Юноша, сглотнув, покосился на пистолет, и прошептал:
— Заходи в душевую. Я за тобой, — и он взялся за резинку трусов, сделав вид, что намерен снять их.
Пистолет на крючках не давал ему покоя.
Он думал об этом тысячи раз. Тысячи. Казалось, решение лежало перед ним: одно нажатие могло подарить освобождение. Но первое время он не знал, где оно — освобождение. Не знал, где выход. А когда попал сюда, в спальню, вид из окон которой открывался на бескрайнюю тайгу, понял: бежать просто некуда. Он не понимает, где он. И пейзаж, так тщательно оберегаемый Центром «П» от глаз учеников, не давал ему никаких ответов: лес на многие-многие километры вперед и назад.
Можно спрятаться в лесу. Но что потом? Его несовершенная конструкция тела заставляет его чувствовать голод, боль, страх — с таким набором недостатков тяжело выживать в одиночку.
Иногда он думал о совсем фантастичных вариантах: может, Феликс — хороший? Может, если поговорить с ним по душам, он выпустит его? Может, даже уйдет с ним — он бы согласился и на это.

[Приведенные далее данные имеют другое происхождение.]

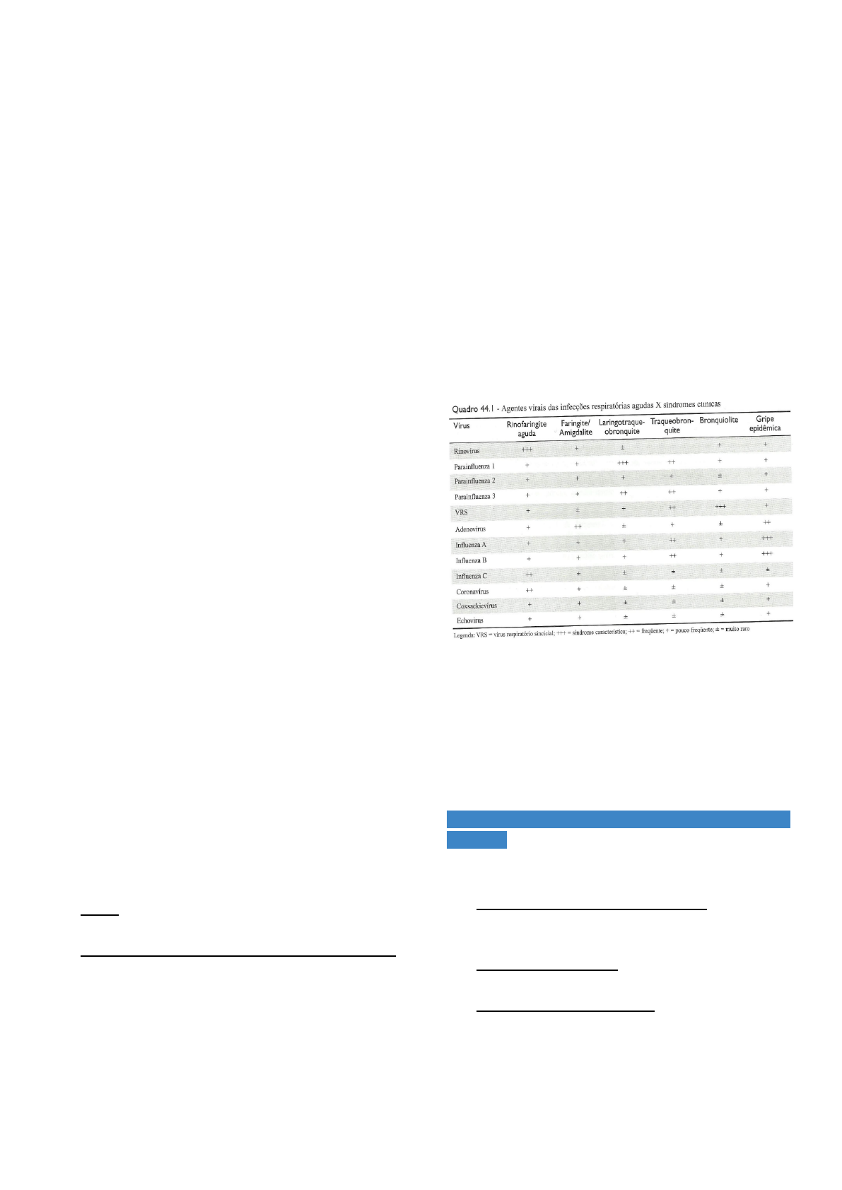 <p>Mariane Santos Antonieto - 10º período</p><p>IVAS</p><p>É uma causa significativa de consultas nos</p><p>ambulatórios de pediatria; muitas vezes vem</p><p>acompanhado de um quadro febril e nos</p><p>primeiros anos de vida, essas infecções se</p><p>repetem com alguma frequência, ao ponto de a</p><p>família procurar atendimento preocupada com a</p><p>imunidade da criança; mas sabe-se que na</p><p>maioria das vezes é um processo comum do</p><p>desenvolvimento.</p><p>Nos primeiros três anos de vida, não é raro as</p><p>crianças terem de 8 a 10 infecções por ano e na</p><p>maior parte das vezes são processos virais que</p><p>não estão relacionados com deficiência</p><p>imunológica.</p><p>Diante de uma criança que faz infecções de vias</p><p>aéreas superiores com alguma frequência, mas</p><p>mantém um bom estado geral, um bom</p><p>crescimento e desenvolvimento, não é para se</p><p>suspeitar de deficiência imunológica e indicar</p><p>investigação mais detalhada; a não ser em casos</p><p>mais específicos, por exemplo, se a criança teve:</p><p>● Mais de 2 pneumonias no último ano;</p><p>● 4 episódios de otite média no último ano;</p><p>● Se tem diarréia crônica ou de repetição.</p><p>Mas lembrar que a maioria são infecções virais</p><p>que fazem parte do processo de aprendizado do</p><p>sistema imunológico da criança.</p><p>As IVAS são uma causa importante de uso</p><p>abusivo e inadequado de antibioticoterapia, bem</p><p>como de outras medicações, como anti</p><p>inflamatórios e descongestionantes nasais, que</p><p>podem ter mais efeitos colaterais do que</p><p>vantagens.</p><p>As infecções de vias aéreas, de uma forma geral,</p><p>incluindo as de via superior e inferior</p><p>correspondem por até 40% das consultas</p><p>ambulatoriais e em torno de 12 a 13% das</p><p>internações.</p><p>A OMS diferencia:</p><p>● IVAS: aquelas que vão até a região da</p><p>laringe.</p><p>● Infecções do trato respiratório inferior:</p><p>ocorrem abaixo da laringe.</p><p>A maior parte dos agentes envolvidos são</p><p>quadros virais e sempre que estiver avaliando</p><p>clinicamente o paciente, tentar distinguir se é um</p><p>processo infeccioso viral ou bacteriano. Dentro</p><p>das infecções bacterianas, o Streptococcus é</p><p>uma causa importante de infecção na amigdalite.</p><p>Pneumococo, Haemophilus e Moraxella</p><p>catarrhalis são agentes importantes em otites e</p><p>sinusites. A anamnese e o exame físico que vão</p><p>ajudar a definir qual a melhor abordagem para o</p><p>paciente.</p><p>Diagrama mostrando a quantidade de vírus que</p><p>estão envolvidos nas várias doenças</p><p>respiratórias; desde o Rinovírus, como principal</p><p>agente etiológico do resfriado comum, também</p><p>chamado de rinofaringite aguda. Todos eles</p><p>podendo causar um maior ou com menor</p><p>importância um processo de faringite/amigdalite e</p><p>muitas vezes, a associação de febre alta com</p><p>infecção bacteriana não é sempre verdadeiro;</p><p>algumas viroses como Adenovírus podem causar</p><p>febre alta por 3 a 5 dias sem haver necessidade</p><p>de antimicrobiano.</p><p>→ Não é interessante fazer como hipótese</p><p>diagnóstica IVAS devido a quantidade de partes</p><p>do organismo que seriam afetadas, podendo ser:</p><p>rinite (com acometimento nasal), faringite,</p><p>sinusite, otite. Então ao invés de colocar IVAS, é</p><p>melhor descrever qual órgão está sendo afetado.</p><p>RINOFARINGITE AGUDA OU RESFRIADO</p><p>COMUM</p><p>● Frequência → é uma doença bastante</p><p>comum, sobretudo no inverno.</p><p>● Agente etiológico mais frequente: Rinovírus.</p><p>● Outros: Adenovírus, VSR, Influenza e</p><p>Parainfluenza.</p><p>● Sintomatologia leve: afebril, obstrução nasal,</p><p>sem acometimento do estado geral, rinorreia.</p><p>● Formas mais acentuadas: febre alta, cefaléia,</p><p>mialgia, mal estar, inapetência.</p><p>A característica da doença são manifestações</p><p>respiratórias com obstrução nasal, coriza, na</p><p>maioria das vezes o paciente não tem febre, mas</p><p>ela pode estar presente e ser mais baixa. A febre</p><p>mais alta pode estar presente em crianças mais</p><p>1</p><p>Mariane Santos Antonieto - 10º período</p><p>jovens. Podem ter algum grau de tosse e um</p><p>menor comprometimento sistêmico; em casos</p><p>mais acentuados podemos ter um acometimento</p><p>mais sistêmico, mas sobretudo em crianças</p><p>menores.</p><p>O termo gripe ou síndrome gripal é melhor</p><p>utilizado quando estamos falando de influenza,</p><p>que é um vírus que comumente causa sintomas</p><p>mais sistêmicos, como cefaléia, mialgia e algum</p><p>grau de comprometimento do estado geral.</p><p>Outro ponto de dúvida é se o aspecto da coriza</p><p>favorece a percepção de ser uma infecção viral</p><p>ou bacteriana e na verdade não.</p><p>● Aspecto da secreção e diagnóstico</p><p>diferencial: de uma forma geral, o resfriado</p><p>comum vai ter durante o curso de uma</p><p>semana da doença, uma mudança no</p><p>aspecto dessa secreção nasal.</p><p>→ De serosa, inicialmente, clarinha,</p><p>transparente; no meio do processo vai ficar</p><p>brancacenta com um aspecto mucoso e no final</p><p>pode até ter um aspecto muco purulento e aí</p><p>volta a ficar mais clara, gradativamente e</p><p>melhorando com a fluidificação com solução</p><p>fisiológica nasal.</p><p>Isso quer dizer que nem sempre que você ver</p><p>uma secreção amarela/esverdeada é uma</p><p>infecção bacteriana; tem que juntar outros dados</p><p>clínicos para fechar esse diagnóstico.</p><p>● Serosa: fase inicial das viroses, rinites</p><p>bacterianas primárias ou secundárias.</p><p>● Mucosa: fase intermediária e final das</p><p>viroses, alergias. Presença de ferimentos</p><p>superficiais na pele ao redor das narinas:</p><p>impetigo estreptocócico.</p><p>● Mucopurulenta: fase final d

Но сколько ни приглядывался к директору, не находил в нём ни страха, ни тоски, ни сострадания, ни сожаления — ничего, чем люди наделили его, Каспера, чтобы он походил на человека, ничего этого он никогда не видел в людях.

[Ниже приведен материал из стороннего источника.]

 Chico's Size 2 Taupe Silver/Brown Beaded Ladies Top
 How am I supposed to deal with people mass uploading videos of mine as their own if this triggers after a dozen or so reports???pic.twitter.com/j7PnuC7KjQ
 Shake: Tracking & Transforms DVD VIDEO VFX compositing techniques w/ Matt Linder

Когда Кавальканти переступил бортик душевой, вставая под струи воды, Каспер помнил единственный урок, который тот ему преподал.
Этим мразям нужно целиться в затылок. Иначе они не умирают.
Алек и Иво спрашивали: как он планирует выбраться? Они — через окно, а он, оставшийся один на один с директором — как? Он ухмылялся, кидая небрежно: «Я разберусь».
Хорошо, что его научили стрелять.
Метнувшись к стенке с крючками, он вырвал пистолет из кобуры и выкинул руку вперед. Торопливо опустил предохранитель вниз, оттянул затвор до упора назад, и Кавальканти обернулся на звук.